# PI Traffic Violations



## cvgtpc1 (Jul 28, 2012)

I think 85% of drivers at least are violating at least 3 of these at any one time LOL. Pretty hilarious when you compare the laws and reality.

https://ph.news.yahoo.com/major-traffic-violations-philippines-061800985.html


----------



## M.C.A. (Feb 24, 2013)

I slow down and follow all rules now, after getting ticketed it's no fun dealing with the long lines at my local LTO. No one seems to follow the rules of the road and there seems very little effort, almost zero effort in enforcing these laws, seat belts and helmets only, wife tells me to deal with it this isn't the US...lol..I'm dealing with it and it takes some serious patience.


----------



## Kavite Kenny (Jul 31, 2014)

My brother-in-law's driving scares the Jeepneys and Trikes.
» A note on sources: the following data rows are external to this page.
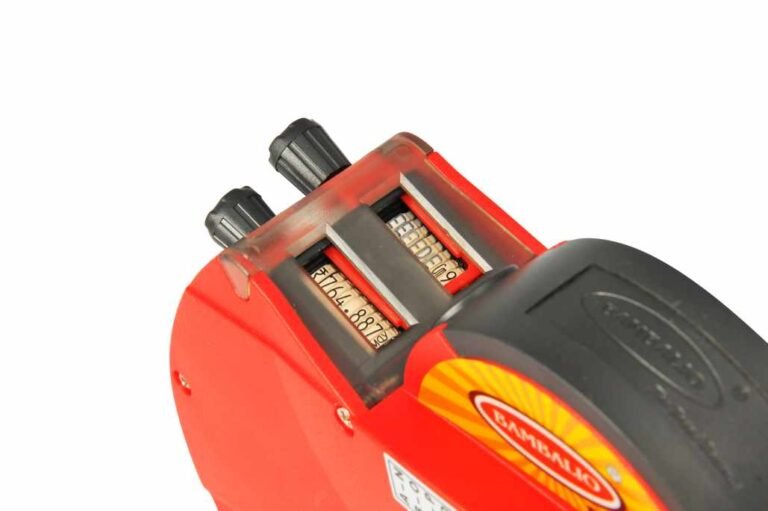 - SMART DESIGN : These price labelers have a top handle and trigger below it that can be squeezed to release a fresh ink roll printed price label. On the top, there is a plastic cover that can be flipped open to load blank rolls.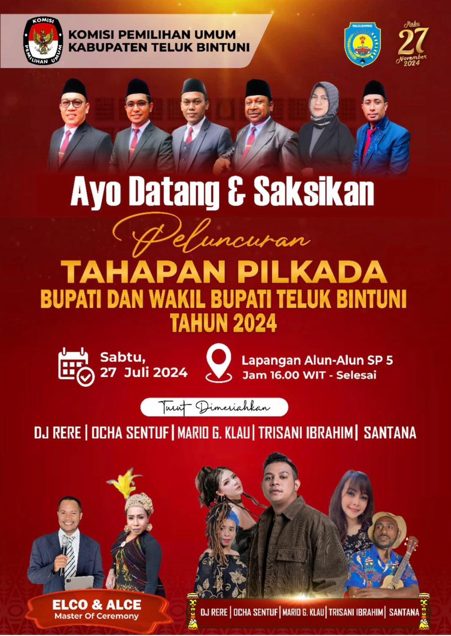Juli 25, 2024 Pada Sabtu 27 Juli 2024, KPU Teluk Bintuni Gelar Peluncuran Tahapan Pemilihan Bupati Dan Wakil Bupati NEWS 0 Post Views: 320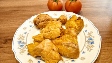 Чтобы курочка получилась с хрустящей корочкой со всех сторон, переверните кусочки за 10-15 минут до готовности.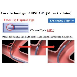 Pencil Tip (tapered tip) might not be stuck and pass at vascular bifurcation. Softness and maintains inner lumen patency. Stability of delivering embolization materials. Prevent distal tip from being stuck at vascular bifurcation.

I've watched him drive on the shoulder and people jumping back from his path.... and he's pushed his way though one way streets...THE WRONG way!!
I've seen him push the nose of his van into spaces I wouldn't take a scooter! 
I used to drive a Tractor-trailer...delivery vehicles, taxi's and the like. It takes a lot scare me...but he does. HA!
The ONLY time I've seen him stopped was a couple traffic cops at a traffic-circle... Bro-in-law decided he wanted to turn LEFT...instead of going to the right, around the circle to his street, he just bolted to the left along the shoulder and BOOM, there he was...and so were the traffic-cops!!

let me add... my bro-in-law didnt have a valid license at the time and the registration was not current on his van.... eek....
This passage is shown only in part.